Qual a função desses comentários, que em principio são
desnecessários à narração em si? Sua função é jogar lá no futuro da história uma
corda com gancho, daquelas usadas pelos alpinistas, que prenda nossa atenção lá
adiante e nos ajude a seguir até o ponto do mistério anunciado.
O whetter serve
para isso: para gerar uma interrogação, e não uma resposta antecipada, como é o
caso do spoiler. São duas figuras do
discurso narrativo que podem ser utilizadas, inclusive, dentro de um mesmo
conto ou romance ou roteiro.
Ou até num mesmo trecho, como no famosíssimo começo de A Judgement in Stone (1977) de Ruth
Rendell:
Eunice Parchman assassinou a família Coverdale porque não sabia ler nem
escrever.
(A edição brasileira de A Judgement in Stone)

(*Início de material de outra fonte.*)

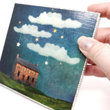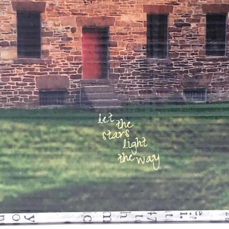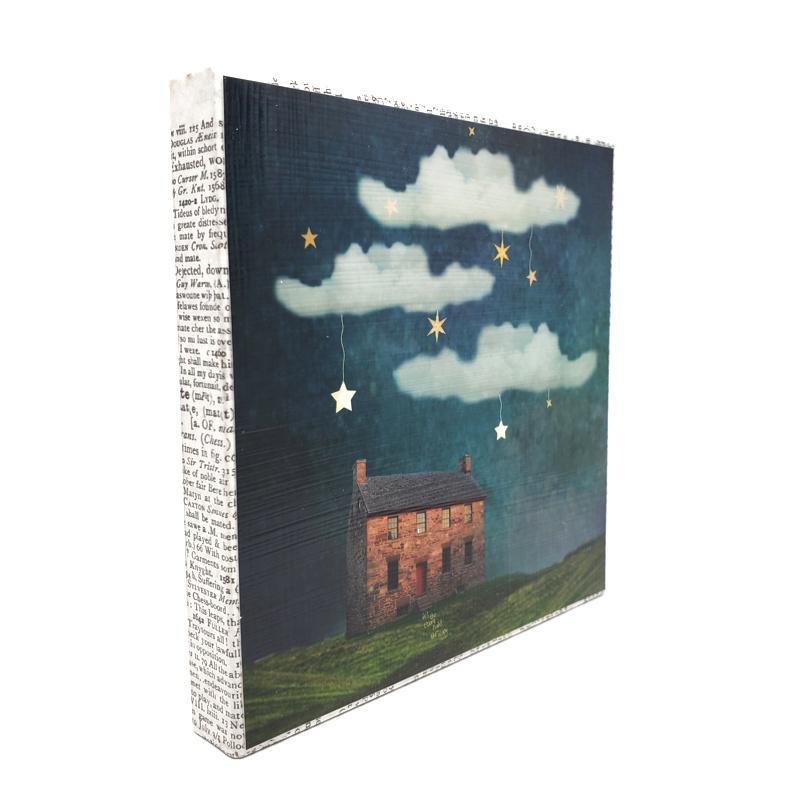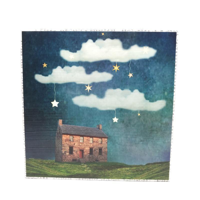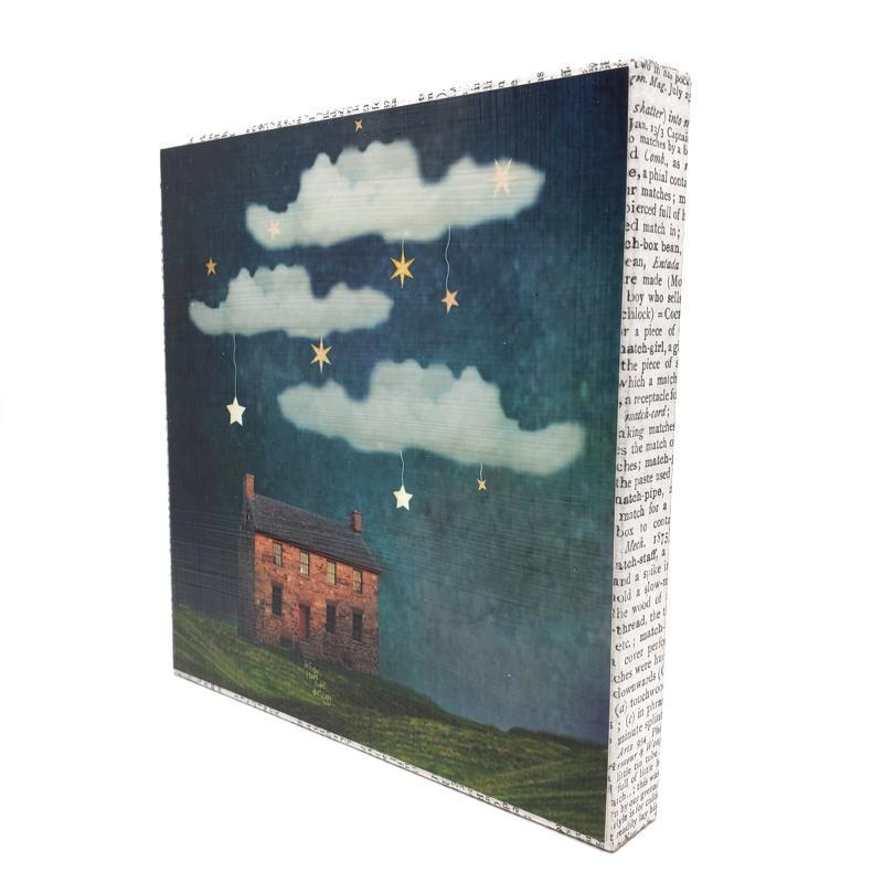 An old brick house with a red door sits on a verdant landscape beneath a trio of clouds in the night sky. Stars dangle from the clouds, causing the sky to glow and illuminating the house. Tiny handwritten words, almost imperceptibly small, tumble from the house's front steps, reading, "Let the stars light the way."
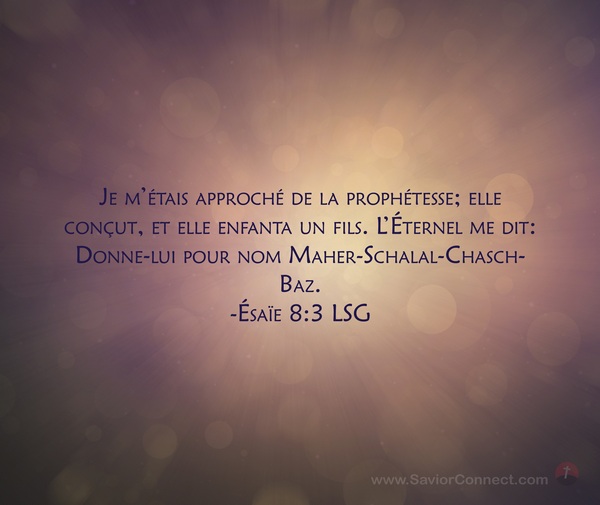 Je m'étais approché de la prophétesse; elle conçut, et elle enfanta un fils. L'Éternel me dit: Donne-lui pour nom Maher-Schalal-Chasch-Baz. -Ésaïe 8:3 LSG
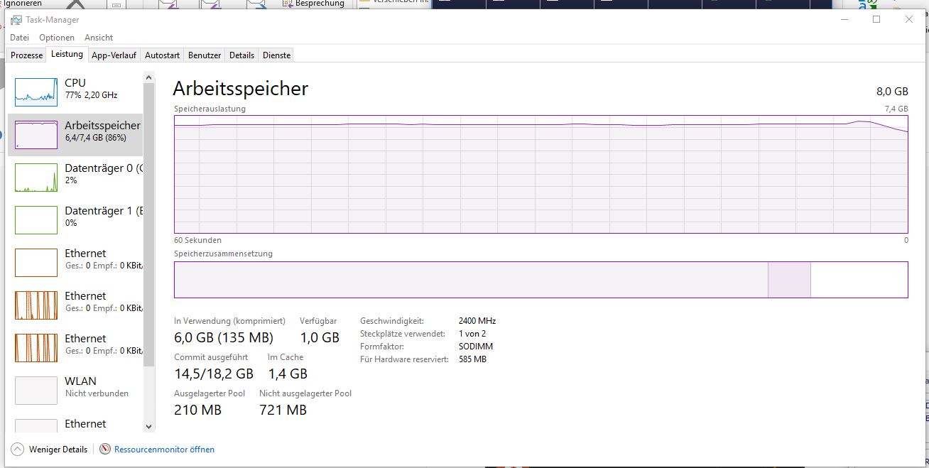 Bisher hatte ich auch keine Probleme - mal abgesehen davon, dass die acht GB chronisch bis an den Anschlag augelastet sind und wohl jede Menge ausgelagert ist (siehe TM-Screenshot). Allerdings gab es ein paar Mal üble Fehlermeldungen mit Bezug auf den RAM aus Orcacles VirtualBox. Ich nehme aber an, dass da entweder in der VM etwas suboptimal konfiguriert ist oder aber die bescheidenen 8 GB Arbeitsspeicher tatsächlich nicht ausreichten für Hostsystem und VM. Ok, hab jetzt noch 8 Gb dazugekauft. Mal sehen, ob es dann mit Dual Channel und 16 GB alles etwas entspannter aussieht.

Esta frase inicial de um romance de crime é
frequentemente citada porque rompe logo de início com um dogma do romance
policial, ao dizer, de chofre, quem é o criminoso, quem foram as vítimas, e
qual foi o motivo. Um mega-spoiler,
se visto por um raciocínio tacanho.
A arte de Ms. Rendell (uma escritora fina, e uma
frequentadora corajosa dos desvãos da alma) está em revelar os fatos (através
de um possivel spoiler) e ao mesmo
tempo instaurar uma interrogação gigantesca (através de um whetter).